Steve McCraw, director of the Texas Department of Public Safety, said in court documents at the time that his agency “would not investigate, file criminal charges, or otherwise engage in enforcement activity” under this state law against non-governmental organizations that provide aid to migrants.

U.S. Rep. Veronica Escobar, D-El Paso, said Paxton’s move is “absolutely terrifying and should send a chill down the back” of people who care about immigrants’ rights and the groups that help them. She said that “extreme far-right members” in Congress have worked to defund organizations that help migrants.

“This is a wake up call for the country that this far-right extremism knows no bounds. And I assure you that what has happened to Annunciation House will be a pattern that will be executed on every nonprofit, every local government, every organization that offers care to anyone who might be undocumented, or someone who is an immigrant and an asylum seeker in this country.”

Two years ago, U.S. Rep. Lance Gooden, R-Terrell, sent Catholic Charities of the Rio Grande Valley and two similar faith-based organizations a lengthy demand for information about migrants and the services they provide to them — not unlike the demand Paxton’s office sent to Annunciation House.

He threatened the organizations with congressional subpoenas if they didn’t comply, but two years later, Gooden said Catholic Charities has not responded to his demand.

“They know that what they're doing is so politically disgusting to the average American that the outrage would really increase if they cooperated with any oversight investigation by Congress,” Gooden said of Catholic Charities.

Sister Norma Pimentel, executive director of Catholic Charities of the Rio Grande Valley in McAllen, said the alarmist rhetoric Gooden and others are spreading about the border and her work is politically motivated.

“I wish they would come and actually see what we're doing so they can understand what is actually happening at the border,” Pimentel said. “We respond to what our own faith calls us to do, to take care of our brothers and sisters who are hurting, who are suffering.”

In a May 2023 letter to DHS Secretary Mayorkas, Gooden wrote that NGOs receive hundreds of millions of taxpayer dollars through federal grants to provide lodging and transportation for migrants “to be released anywhere they want in the United States.” Gooden added that groups like Catholic Charities stood to financially benefit from more illegal crossings because then the federal government would provide more money to fund their facilities and services.

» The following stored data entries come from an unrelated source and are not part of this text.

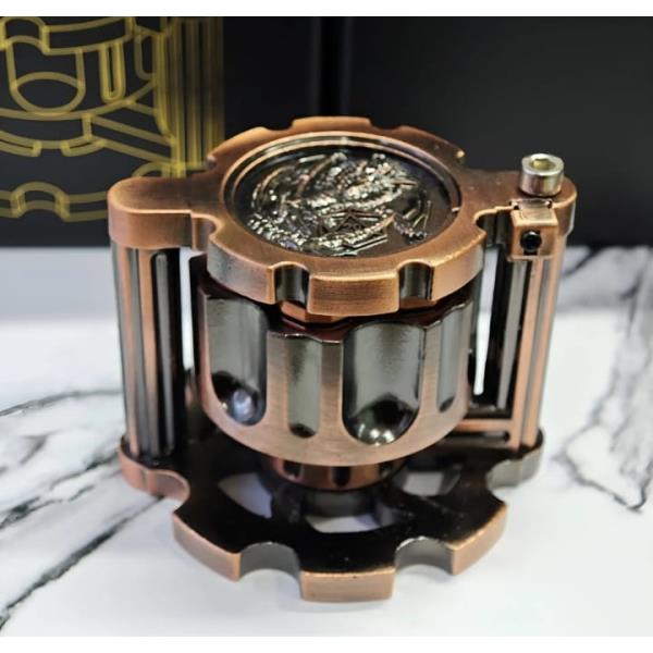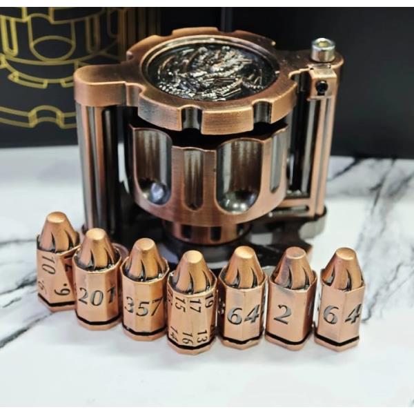 SET DE DADOS BALA POLIEDRICOS DE METAL CON CONTENEDOR DE CILINDRO GIRATORIO COBRE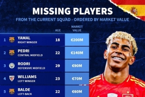 體育資訊11月16日訊 德國轉會市場統計了無緣本期西班牙隊球員身價,并列出榜單,亞馬爾2億歐居首。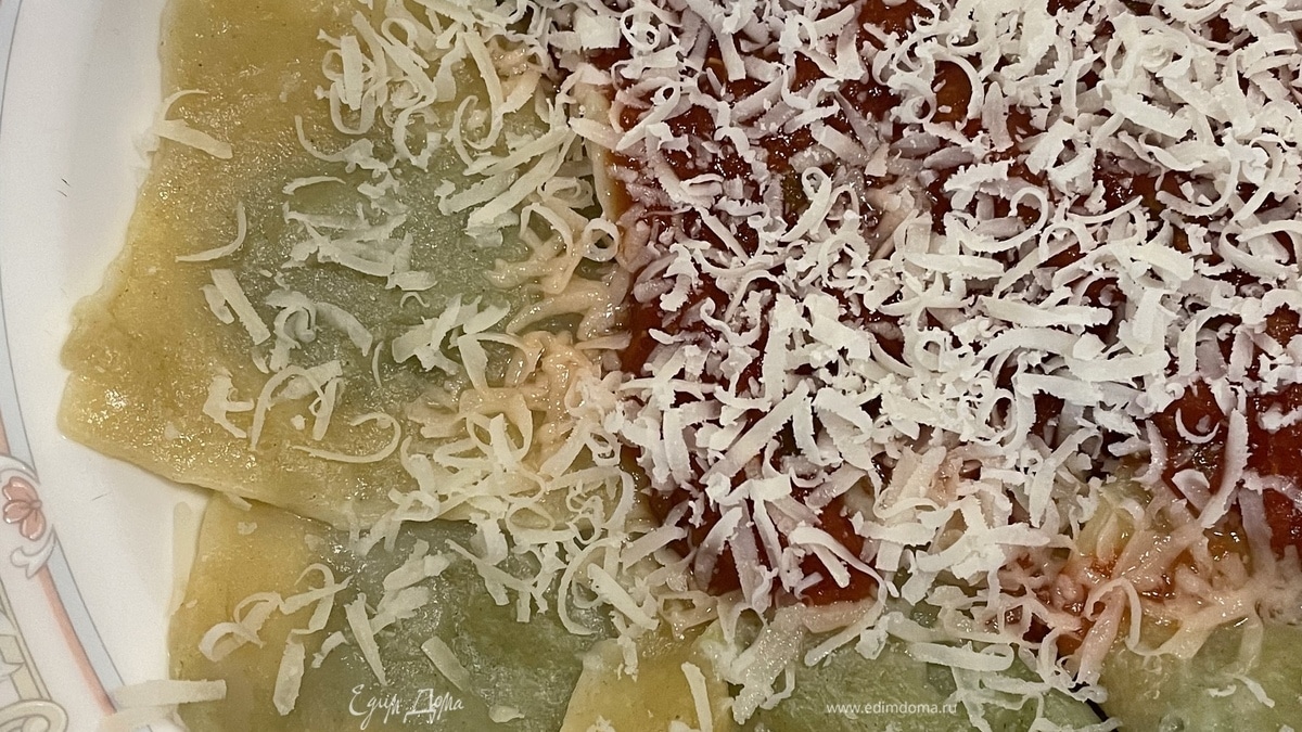Варить равиоли 3–5 минут. Подавать с томатным соусом и пармезаном. Приятного аппетита!

Pimentel disputed this characterization. She said in addition to helping house and feed migrants, Catholic Charities also serves families in four counties in the Rio Grande Valley.

Gooden’s scrutiny of Catholic Charities came at the same time as right-wing groups, like the Deposit of Faith Coalition and Alliance for a Safe Texas, were also targeting the faith-based group. The Deposit of Faith Coalition, a group of conservative Catholic organizations critical of the U.S. Conference of Catholic Bishops’ stance on a number of issues from immigration to climate change, has labeled Catholic Charities an “enemy of the people,” and accused the organization of profiting off the federal assistance they use to provide shelter and food to those in need.

Pimentel said those are false accusations “based on just political rhetoric … to create a problem or a crisis so that the [Biden] administration looks bad.”

Last week, after Paxton’s investigation into Annunciation House became public, the Texas Catholic Conference of Bishops released a statement “expressing solidarity with ministry volunteers and people of faith who seek only to serve vulnerable migrants as our nation and state continue to pursue failed migration and border security policies.”

On Monday, the U.S. Conference of Catholic Bishops issued a statement of support for Texas Catholics and other people of faith helping to “meet migrants’ basic human needs.”

Garcia said that he wants people to recognize that what’s at stake is the well-being of human beings.

“That should cause all of us to pause, take a step back and to ask ourselves, ‘How do we behave?” he said. “How do we respond when human beings are involved?”

Robert Downen contributed to this story.